A mi Papá
Asombrando
siempre, mi Papá fue un excelente jugador de dominó, lo cual significa que fue
un secreto sabio de las matemáticas, aunque no pasó del cuarto grado de la
instrucción básica. Al leer el libro El
Hombre que Calculaba de Malba Tahan, supe que él estaba en esas páginas
contando bandada de pájaros al vuelo, manada de caballos al trote, granos de
maíz que caían al saco como cascada tornasolada. Se conocía las veintiocho
piedras como si mi abuela lo hubiera parido con ellas – y esa caja rectangular
de madera en que vienen resguardadas con olor a depósito de bazar de chinos. Daba
gusto verlo haciendo el ritual de invitar a los amigos, compadres o vecinos a rodear
las cuatro esquinas de una mesa de pantry de tapete verde que teníamos para
todo.
Yo utilizaba
aquel viejo armatoste de cuando vivíamos en Lomas de Urdaneta para hacer mis
deberes del Liceo, prepararme asquerosos sanguches de pan canilla con cambur y
mortadela extra que acompañaba con una licuadora llena de merengada de lechoza,
cuyas acciones sobre mi barriga son memorables en la familia, también hacía
sobre aquel mausoleo de nuestra cotidianidad, caricaturas para el periódico
político Semillero que el viejo César Albornoz y su pandilla de comunistas distribuían
discretamente en las comunidades; allí las dos hermanas que me siguen en edad, batían
la mezcla de sabrosas tortas de vainilla (no me gusta el chocolate en esos
casos) que a veces rebotaban como extrañas pelotas de gomas en el estómago del
prójimo; el Mago Péirel, cuando nadie se daba cuenta, extendía en una de las
esquinas su colección de artilugios menudos (monedas saltarinas y sonoras,
botones olvidados, mínimas envolturas de caramelos a las que pasaba la lengua
con la esperanza de que todavía estuvieran embarradas de algún melao, barajitas
que capturaba en revistas domingueras, algunas tuercas y tornillos milimétricos,
cuentas de colores sacadas de trozos de tela extraviados en las butacas de la
sala) y conversaba con misteriosos personajes que no lo regañaban por
pendejadas, ni le reclamaban sus manías, mohines y salivaciones; en esa mesa, los
pequeños Ángel y Arelis tejieron su niñez mirando cómo mi Mamá condimentaba los
eternos platillos que nos alimentaban, mientras deletreaban un mundo que apenas
se les venía encima; ante aquella vieja y querida mesa se sentaba mi padre cómo
un rey, para encantar a la amistad con sus recuerdos, colocando el sarcófago
del que resucitaban bullangueras, esas piedras invasoras, como un ejército petulante
de poderes ocultos.
Como
anfitrión, mi Papá siempre barajaba la primera partida.

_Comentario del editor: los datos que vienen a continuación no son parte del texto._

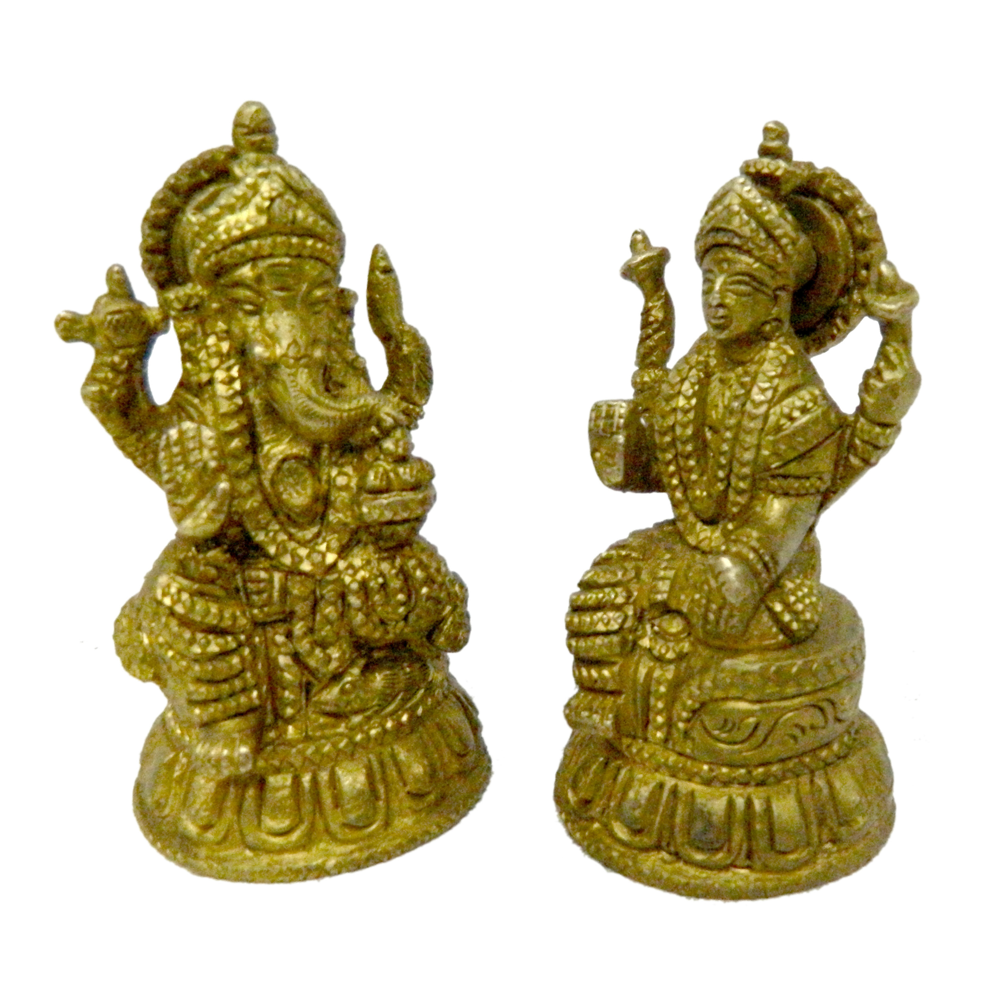 Brass Ganesha Laxmi Sitting Pair Small Idol KBH02695

Mostraban los maltratos
dejados en los dedos por el explotador trapiche de los campos de Lara y Yaracuy,
sus manos que flotaban con la maestría de un director de orquesta sobre el
canto blanco de los veintiocho marfiles. “Sale el que tenga la cochina”: -decía
sentencioso si no llevaba el doble seis y cuando le tocaba, lo tomaba finamente
con los dedos de la mano derecha y lo colaba con ambas manos en el centro como
si hubiese recién nacido, provocando un ruidito seco y ceremonioso; nunca usó
su fuerza para chocar alguna piedra contra el tapete cuando la jugada le
despertaba emoción –pendejos o novatos
los que juegan así- decía como burlándose. Miraba en las caras contrarias reacciones
por la partida que el dios lúdico del azar les había dejado, una vez metían
mano en el rebullicio, arrastrando su camada de siete fichas pétreas, para
luego acomodarlas frente a los ojos. Mi Papá preparaba la estrategia de juego alineando
las piedras como en el orden cerrado de un regimiento. Si alguien cuadraba a cinco, él correspondía
diciendo: “Sin cuero vuela el sapo” y
si el cuadre era a ocho soltaba un
susurrante: “Ochoa”. La partida
tomaba cuerpo y cuando había puesto sólo una piedra, tomaba las restantes de
diferente forma; a veces dejaba tres en formación, llevándose casi al pecho las
otras tres con la mano izquierda (donde seguro tenía la siguiente jugada) a las
que miraba simultáneamente con la cartografía que se iba dibujando en el tapete.
Elevada
la temperatura del juego, llegaba la señal para dejar salir sus frases
lapidarias con la intención de tomar el mando psicológico del ambiente. Sus
cálculos eran tan precisos que al conocer las fichas de su llave y de los
contrarios, a conveniencia les ponía las pintas para que jugaran fácil con la
frase: “Jabón pa’que laves”. Quienes
conocen la dinámica del dominó saben que el jugador que no tiene ficha con qué responder
a su turno, debe decir “paso” o dar
un golpe en la mesa. Cuando esto sucedía al oponente, luego de una jugada suya,
exclamaba gozoso: “¡Agárrenlo que va
herido!”, en señal de que tenía la partida en sus manos o también lo miraba
como amenazante, mientras le decía a su pareja (señalándolo con el dedo): “Juegue usted Compadre”. Cuando percibía
que su par andaba como perdido, entonces levantaba la mirada y decía: “Ahora sí que llegó la de Chencho en Quibor”.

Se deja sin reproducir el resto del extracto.